Business interruption insurance compensates you for lost income if your company cannot operate as normal due to disaster-related damage that is covered under your commercial property insurance policy, such as data breach or cyber-attack. Business income insurance covers the revenue you would have earned, based on your financial records, had the disaster not occurred. The policy also covers operating expenses, like electricity, that continue even though business activities have come to a temporary halt.
If your business handles sensitive customer data (such as email lists, credit card records or other files), data breaches pose a serious threat to your financial stability. A lawsuit resulting from a data breach means your business is responsible for paying legal fees, court-ordered judgments or settlements and other court-related costs.
Third-party coverage protects you in the event of a lawsuit brought by a customer or partner for a data breach that your business' actions or negligence allowed.
If your business experiences a data breach or violation of confidential information during regular business operations, you may be found in violation of privacy laws and be required to pay fines for the violations or other regulatory issues.

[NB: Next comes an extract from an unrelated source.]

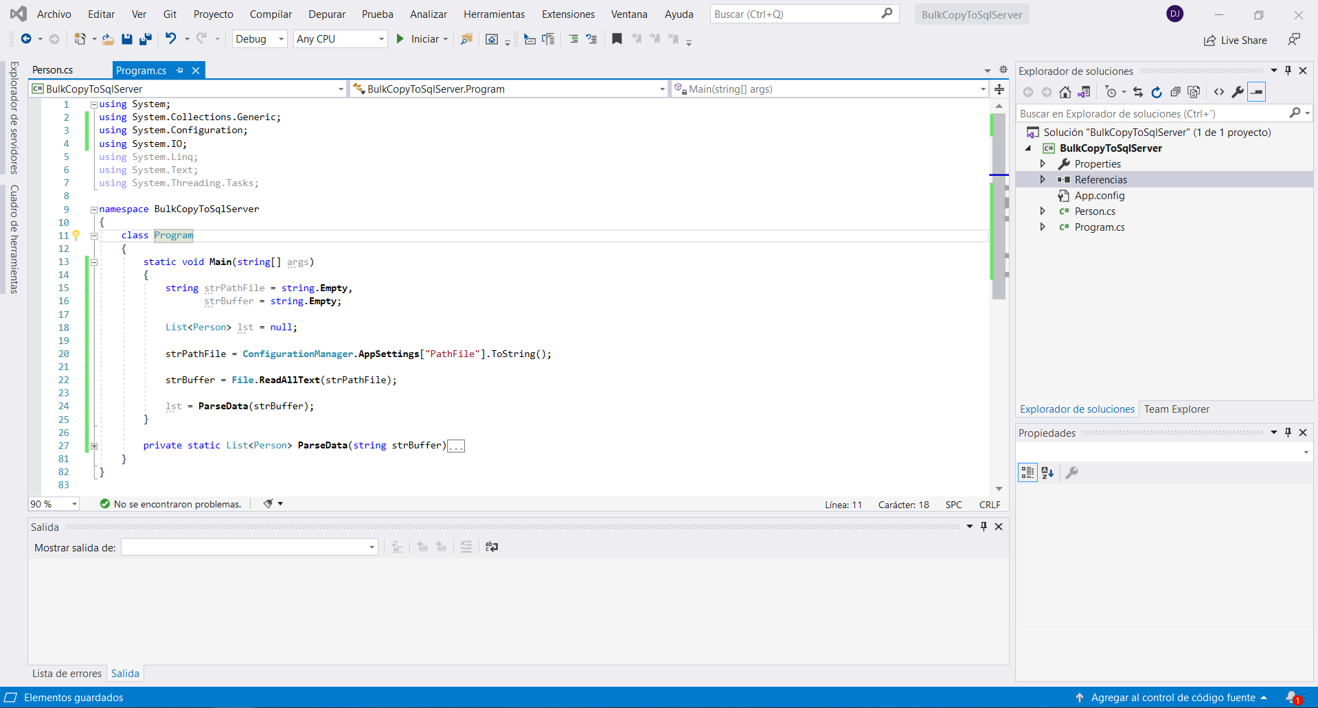 Bien, para poder trabajar con la clase SqlBulkCopy se tienen que realizar estos pasos:

You may be eligible for regulatory claim coverage which would offer protection in response to proceedings related to disclosure laws and other governmental actions that can result in defense costs, fines and/or penalties. Coverage does vary and may be restricted by local law.
If hackers gain control of critical systems, they may demand a ransom be paid to avoid additional consequences. Sometimes these can be empty threats, but it’s impossible to know for sure. Paying the ransom can be costly. Taking a chance by choosing not to pay can sometimes put a company out of business.

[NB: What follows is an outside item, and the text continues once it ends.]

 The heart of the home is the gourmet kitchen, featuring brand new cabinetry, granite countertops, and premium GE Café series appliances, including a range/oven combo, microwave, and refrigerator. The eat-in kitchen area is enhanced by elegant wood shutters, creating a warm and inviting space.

Coverage for ransom and cyber extortion can be included in cyber liability policies and can help cover the cost of ransom to regain control of network systems. This is often not included in a standard policy, may include a separate sublimit and deductible, and may require adherence to certain conditions set forth by the insurer.

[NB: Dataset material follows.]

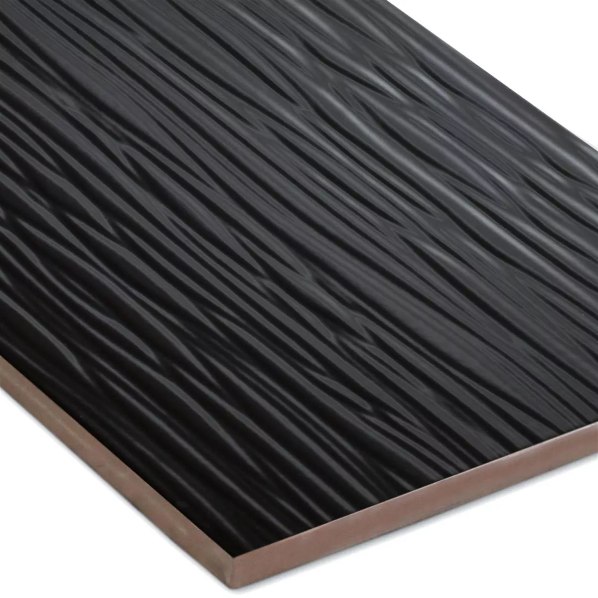 Carrelage Mural Norway Structuré Brillant 25x50cm Noir

Cyber liability insurance is specifically designed to address the risks that come with using modern technology. The level of coverage your law firm needs is based on your individual operations and can vary depending on your range of exposure.
If your law firm experiences a data breach, you have a responsibility, and are sometimes legally obligated, to report the breach to your clients. This can damage both your finances and your relationships with your clients. Cyber liability coverage may cover the costs of notifying the people or institutions affected as well as any lost income resulting from the data breach.
What Your Cyber Policy Should Cover
- First party coverage: Covers your own data or lost income after a data breach.
- Third party coverage: Covers your liability to clients or government/regulatory entities.
- Confidential information: Covers data when it is under the care, protection or control of third parties (the copy center you use, IT support services, etc.).
- Unencrypted devices: Protects laptops and other devices from easy access if they are stolen.
- Data restoration: Covers the work hours and money needed to regain your lost data.
- Coverage for corporate clients: Covers liabilities for your clients that are companies, corporations, or partnerships, as well as the people who work for these entities.